Multiseq10x

A pre-processing pipeline companion to https://github.com/chris-mcginnis-ucsf/MULTI-seq. This collection of scripts is meant to replace 2 pre-processing functions in the R package deMultiplex. No dependancies on external packages.

makeReadtable.py is analogous to MULTIseq.preProcess from deMultiplex but atleast 10x faster and has minimal RAM footprint.
makeBarMatrix.py is analogous to MULTIseq.align from deMultiplex but atleast 10x faster and uses an internal hamming distance only if there is no sample barcode match accepts 1 nucleotide mismatch in the sample barcode.

Preprocessing multi-seq FASTQ

The makeReadtable.py requires 4 arguments.

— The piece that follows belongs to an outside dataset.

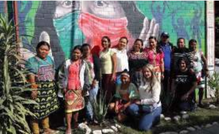
OIA eta CRIC antolakundeko emakume indigenen hartu-eman. 2018ko abuztua.

programarekin gure aliantza indartu genuen, Caucako Herri Indigenen Eskubideen eta bizitzaren defentsa eta babesa laguntzen jarraitzeko, guardia indigena, Giza Eskubideen behatokia eta eragin politikoa indartuta.

  1. The -C should be provided a text file of cell id barcodes with single cell barcode per line.
  2. The -R1 is the multi-seq fraction Fastq pair 1. (can be compressed in gz format).
  3. The -R2 is the multi-seq fraction Fastq pair 2. (can be compressed in gz format).
  4. The -O is the output filename for the read table.

A typical command would be usage makeReadtable.py -C cellIds.txt -R1 R1.fastq.gz -R2 R2.fastq.gz -O readTable.csv.

make cell-barcode matrix

The makeBarMatrix.py requires 4 arguments.

  1. The -C should be provided a text file of cell id barcodes with single cell barcode per line.
  2. The -R is the readtable output generated by makeReadtable.py.
  3. The -B is the multi-seq barcodes that are needed.
  4. The -O is the output filename for the barmatrix file.

A typical command would be
usage makeBarMatrix.py -C cellIds.txt -R readTable.csv -B data/multiSeqBarcodes_1_to_32.txt -O barMatrix.csv.